Here is another example, with old Uncle Shmeel who is an old bachelor so eager for a conversation that he can’t stop talking:
I raised my hand for a farewell handshake, as I had to catch the last train out of town, but according to Uncle Shmeel, the conversation had only begun, so why rush it?
And without losing a beat he started telling me, between one momentous blow and another, that thirty years after it was written, this rhythm was used for the letter V in Morse code, and therefore it would surely come to represent the notion of victory, thanks in part to the BBC, because since the beginning of this war it had started to preface its broadcasts with those four notes, played on drums, but if you would ask him—which for some reason, no one cared to do—he could give it more punch, not only because the clarinet had the largest ranges of pitch of all musical instruments but also because no other Kleismer could hope to come close to the way he played it, which might sound like bragging but really, it wasn’t.
You can hear it for yourself, can’t you? Dit-dit-dit-dah!
At this point Uncle Shmeel smoothed his hair over his bald spot and took a long, deep breath, which allowed him to go on explaining that at any rate, this new interpretation of the symphony would have surprised the composer himself, as did the other, more common interpretation, which was based on the rumor that he, Beethoven, had pointed to the beginning of the first movement and said, “Thus fate knocks at the door.”

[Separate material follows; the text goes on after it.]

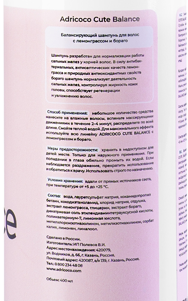 Adricoco Шампунь для волос балансирующий с лемонграссом и бораго

Fascinating as that might have sounded it was completely wrong, nothing more than a fancy myth, but no one but Beethoven could have refuted it, which he had neglected to do, perhaps on account of being deaf, or mad, or both. And the truth was entirely different, you see, and much plainer. It was not the idea of fate that had inspired him, nor was it Morse code, rather it was the song of a yellow-hammer bird, which he had heard—penetrating, somehow, the heavy silence in his ears—while walking in Prater park in Vienna, which had been free to the public thanks to a declaration, a regal decree dating back to 1766 by Emperor Joseph II. And to make a short story long, the conclusion—dit-dit-dit-dah!—the conclusion is this: when two ideas compete for popular attention, fate would always get the upper hand, especially when its rival is merely a songbird.